Methods: Antibiotics used were ciprofloxacin, levofloxacin, gentamicin, tobramycin, piperacillin, imipenem, ceftazidime and polymyxin B. Isolates were sourced from microbial keratitis infections in Australia and India. Minimum bactericidal and minimum inhibitory concentration (MBC and MIC) were obtained using broth microdilution and compared to breakpoints from the Clinical Laboratory Standards Institute (CLSI) and European Committee on Antimicrobial Susceptibility Testing (EUCAST) to determine bacterial susceptibility. Tolerance was assessed as MBC/MIC ≥ 32. An alternative method for tolerance detection (TD) was assessed with 13P. aeruginosa sensitive isolates by agar disk diffusion assay of ciprofloxacin followed by application of glucose to the agar and observation of re-growth of colonies.

Results: Thirty-three isolates were resistant to imipenem, 20 to ciprofloxacin, 14 to tobramycin and piperacillin, 12 to levofloxacin and ceftazidime, 8 to gentamicin, and 5 to polymyxin B. The percentage of strains resistant to levofloxacin (7 vs 30 %; p = 0.023), gentamicin (0 vs 24 %; p = 0.005) and tobramycin (4 vs 33 %; p = 0.004) was significantly greater in isolates from India.On average, strains from India exhibited notably greater MIC and MBC values compared to strains obtained from Australia. Out of 61 isolates, none displayed an MBC/MIC ratio ≥ 32. However, three sensitive isolates had low tolerance, nine had medium tolerance and one had high tolerance to ciprofloxacin with the TDtest.

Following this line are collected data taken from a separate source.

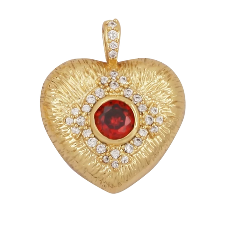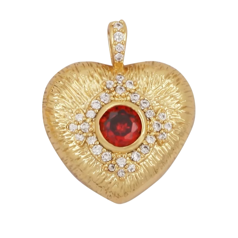 18k Gold Plated Heart Pendant With Red Zirconia 21mm, 1pc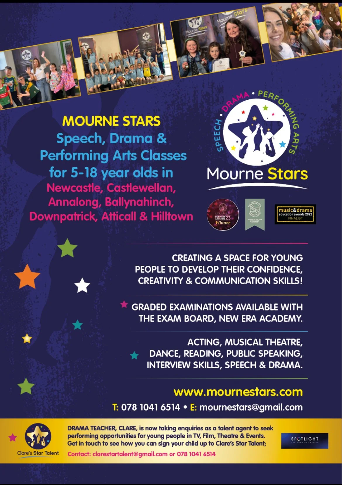 At Mourne Stars Speech & Drama. Our main aim is to instil confidence in children and young people in a fun and enjoyable environment for children aged between 5-18 years old.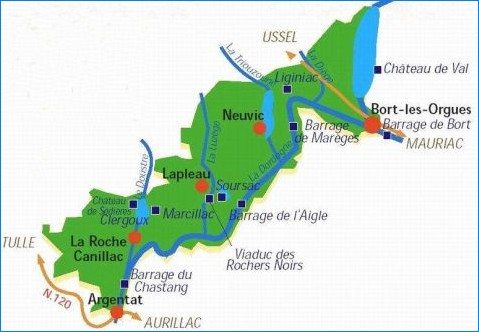 Communes bordant la Dordogne en Corrèze du nord au sud sur la rive droite Confolent-Port-Dieu, Monestier-Port-Dieu, Sarroux-Saint Julien, Bort-les-Orgues, Roche-le-Peyroux, Ste Marie Lapanouse, Liginiac, Sérandon, Neuvic, Latronche, Soursac, Laval sur Luzège, St-Merd-de-Lapleau, Marcillac-la-Croisille, Gros Chastang, Saint-Martin-la-Méanne, Saint Martin-Entraygues, Argentat, Monceaux-sur-Dordogne, Chenailler-Mascheix, Brivezac, Beaulieu-sur-Dordogne, Astaillac et Liourdres.

Conclusions: This study used two methods to determine whether P. aeruginosa strains could show tolerance to antibiotics. Using the MBC/MIC criteria no strain was considered tolerant to any of the eight antibiotics used. When 13 strains were tested for tolerance against ciprofloxacin, the most commonly used monotherapy for keratitis, one had high tolerance and nine had medium tolerance. This demonstrates the capacity of P. aeruginosa to develop tolerance which may result in therapeutic failures if inappropriate dosing regimens are used to treat keratitis.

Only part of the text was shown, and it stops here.